Чарли покачал головой.
— О нет. Нет, мы всегда одиноки.
Они еще довольно долго сидели, храня дружелюбное молчание, а солнце изливало на них свои горячие лучи.
— И все-таки мы не всегда одиноки, — заметила Пэтти.
Чарли повернулся, посмотрел на нее, но так ничего и не сказал.
— Могу я спросить тебя? Люди действительно считали моего мужа странным?
Чарли снова немного помолчал, словно обдумывая ответ.
— Возможно. Только я в последнюю очередь узнаю о том, что думают здешние жители. По-моему, Себастьян был очень хорошим человеком. Страдальцем. Да, он очень страдал.
— О да. Он очень страдал, — кивнула Пэтти.
— Мне очень жаль, что это так.
— Я знаю, что тебе действительно жаль.
Солнце щедро плеснуло целую волну яркого света на тот голубой дом, что виднелся из-за скобяной лавки.
Прошло довольно много времени, прежде чем Чарли снова повернулся, посмотрел на Пэтти и открыл было рот, явно собираясь что-то сказать, но, видно, передумал: покачал головой и снова закрыл рот. И Пэтти почувствовала — хотя, конечно, не могла быть полностью в этом уверена, — что ей понятно, какие слова чуть не сорвались у него с языка.

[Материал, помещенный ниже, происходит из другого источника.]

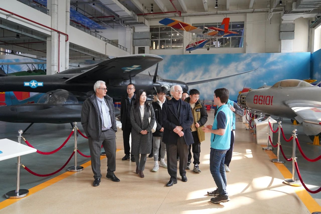 在航空航天博物馆,中法工程师学院的两名学生讲解员叶雨坤和瑞斯安(Tristan)向Mourou教授介绍了博物馆的历史及主要展品。参观过程中,Mourou教授对展品的珍稀性和保存完整度表达了高度赞赏,同时也对北航在培养航空航天人才和推动科技进步方面作出的卓越贡献给予了高度评价。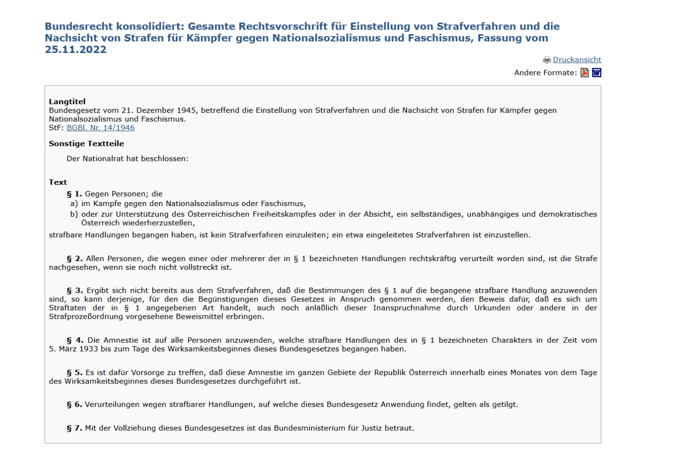 „Bundesgesetz vom 21. Dezember 1945, betreffend die Einstellung von Strafverfahren und die Nachsicht von Strafen für Kämpfer gegen Nationalsozialismus und Faschismus“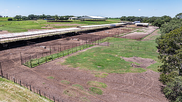 For livestock care, the ranch features 13 lush pastures, each equipped with concrete bunks and water troughs to ensure a nurturing environment for your animals. Four shaded turnout pens add to their comfort, while a processing barn includes a hydraulic chute and sorting and shipping pens, along with a 40-foot scale for efficient management of your herd. This remarkable property is supported by three water wells, ensuring a consistent water supply for all operations. Experience the ideal blend of rural living, top-notch facilities, and endless opportunities at West Navidad Ranch.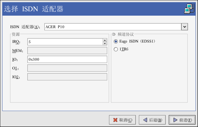 从下拉菜单中选择 ISDN 适配器。然后为该适配器配置资源和 D 频道协议。点击「前进」来继续。

И, понимая это, она легко и ласково коснулась его руки, и они остались сидеть рядом на солнышке.
Вдребезги
Когда Линда Петерсон-Корнелл увидела женщину, которая целую неделю будет жить у них дома, она подумала: «О, это как раз то, что надо». Женщину звали Ивонна Таттл, а привела ее к ним еще одна участница фотовыставки, Карен-Люси Тот, которая молча стояла рядом с Ивонной и ждала, пока та познакомится с Линдой. Ивонна была очень высокая, с волнистыми каштановыми волосами до плеч, и, пожалуй, лет десять назад ее легко можно было бы назвать хорошенькой. Но теперь голубизна ее глаз успела несколько померкнуть, на лице появились первые морщинки, а под глазами пролегли темные круги. И потом, думала Линда, эта Ивонна явно злоупотребляет косметикой. Столько краски на лице сорокалетней женщины — самой Линде было пятьдесят пять — это же вульгарно. А дешевые сандалии на пробковой танкетке? Во-первых, они ей не идут, а во-вторых, делают ее еще выше ростом, хотя куда уж выше. По этим сандалиям Линда легко догадалась, что юность Ивонны, скорее всего, прошла в бедности. Обувь всегда тебя выдаст!
Дом Линды и Джея Петерсон-Корнеллов окружал сад, где стояли две скульптуры Александра Колдера — обе были помещены по одну сторону от большого ярко-голубого бассейна. В самом доме, в гостиной, на стене висели две картины Пикассо и Эдварда Хоппера. И в дальнем конце широкого покатого коридора, ведущего в гостевые комнаты, имелся еще ранний Филипп Густон[3].
— Идемте, — пригласила Линда и пошла вперед.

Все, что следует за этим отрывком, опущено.